The results of the in silico specificity evaluation of the RPA primers, performed by BLASTN against RefSeq genomes of the Rhizobiaceae family, showed high inclusivity and exclusivity. Percentage identity ranged from 85% to 100% only with ‘Ca. Liberibacter’ species, and no nucleotide homologies were found with any other species of the family Rhizobiaceae. Specifically, the primers showed 94%–100% identities with the ‘Ca. Liberibacter’ spp. associated with HLB and identity values below 91% with ‘Ca. Liberibacter solanacearum’. While in silico evaluation of the specificity of the RPA probe showed good inclusivity, with 85%–100% sequence homology with the HLB-associated ‘Ca. Liberibacter’ spp. with respect to exclusivity, the RPA probe showed identity homologies lower than 85% with other bacterial species of the Rhizobiaceae family, such as Ensifer mexicanus, A. vitis, Rhizobium glycinendophyticum, and Rhizobium croatiense, whose hosts are not citrus plants.

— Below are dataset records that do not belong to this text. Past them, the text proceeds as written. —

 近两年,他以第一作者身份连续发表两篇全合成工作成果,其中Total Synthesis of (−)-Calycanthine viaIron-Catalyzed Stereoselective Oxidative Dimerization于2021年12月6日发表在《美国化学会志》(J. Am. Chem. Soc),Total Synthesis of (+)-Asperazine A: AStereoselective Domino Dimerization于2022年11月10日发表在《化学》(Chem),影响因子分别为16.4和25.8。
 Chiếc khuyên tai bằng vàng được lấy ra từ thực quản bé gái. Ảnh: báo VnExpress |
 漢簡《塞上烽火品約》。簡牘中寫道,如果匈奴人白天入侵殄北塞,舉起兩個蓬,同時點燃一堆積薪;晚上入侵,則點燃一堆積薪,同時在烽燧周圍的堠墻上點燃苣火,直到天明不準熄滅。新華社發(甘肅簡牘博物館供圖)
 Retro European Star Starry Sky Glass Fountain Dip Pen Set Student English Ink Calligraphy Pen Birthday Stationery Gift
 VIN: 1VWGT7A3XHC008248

With respect to in vitro specificity evaluation of RPA primers, performed by conventional PCR and RPA, amplification of total DNA from 35 positive control samples selected among citrus plant material and insect vectors (Supplementary Table 1) showed the expected single product of 201 bp in all of them, while in negative samples there was an absence of non-specific amplifications (Supplementary Figure 1). In addition, positive and negative results obtained by both conventional methods coincided in all the control samples analyzed. The 35 PCR products sequenced from different bacterial hosts originating from Brazil, Costa Rica, Cuba, and the USA showed sequences identities of 98.5 to 100% with fusA gene of ‘Ca. Liberibacter’ spp. associated with HLB disease.

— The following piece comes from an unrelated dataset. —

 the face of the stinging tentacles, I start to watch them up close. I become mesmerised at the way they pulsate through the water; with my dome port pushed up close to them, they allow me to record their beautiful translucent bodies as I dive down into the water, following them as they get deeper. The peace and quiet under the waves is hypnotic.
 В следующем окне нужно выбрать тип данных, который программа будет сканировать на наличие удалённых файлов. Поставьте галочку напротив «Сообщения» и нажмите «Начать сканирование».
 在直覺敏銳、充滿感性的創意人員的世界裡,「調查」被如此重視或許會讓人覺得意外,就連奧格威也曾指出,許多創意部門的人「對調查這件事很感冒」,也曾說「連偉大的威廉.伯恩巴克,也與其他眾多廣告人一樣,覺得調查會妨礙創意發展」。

3.2 Validation of the new real-time RPA
3.2.1 Analytical sensitivity
Analytical sensitivity results, evaluated on healthy crude extracts spiked with known amounts of synthetic dsDNA, showed that the real-time RPA can detect synthetic sequences of the three species associated with HLB (CaLas, CaLam, and CaLaf) with a LOD that was at units of copies per microliter (4 to 8 copies/µl). More consistent LOD results were obtained with synthetic dsDNA of CaLas-gBlocks, in which the three replicates evaluated were positive, than with CaLaf- and CaLam-gBlocks, in which of the three replicates only two and one, respectively, were positive (Table 1).
Table 1 Analytical sensitivity evaluation of the new real-time RPA protocol, performed with known amounts of synthetic dsDNA spiked in healthy crude extracts of Citrus sinensis cv. Lane.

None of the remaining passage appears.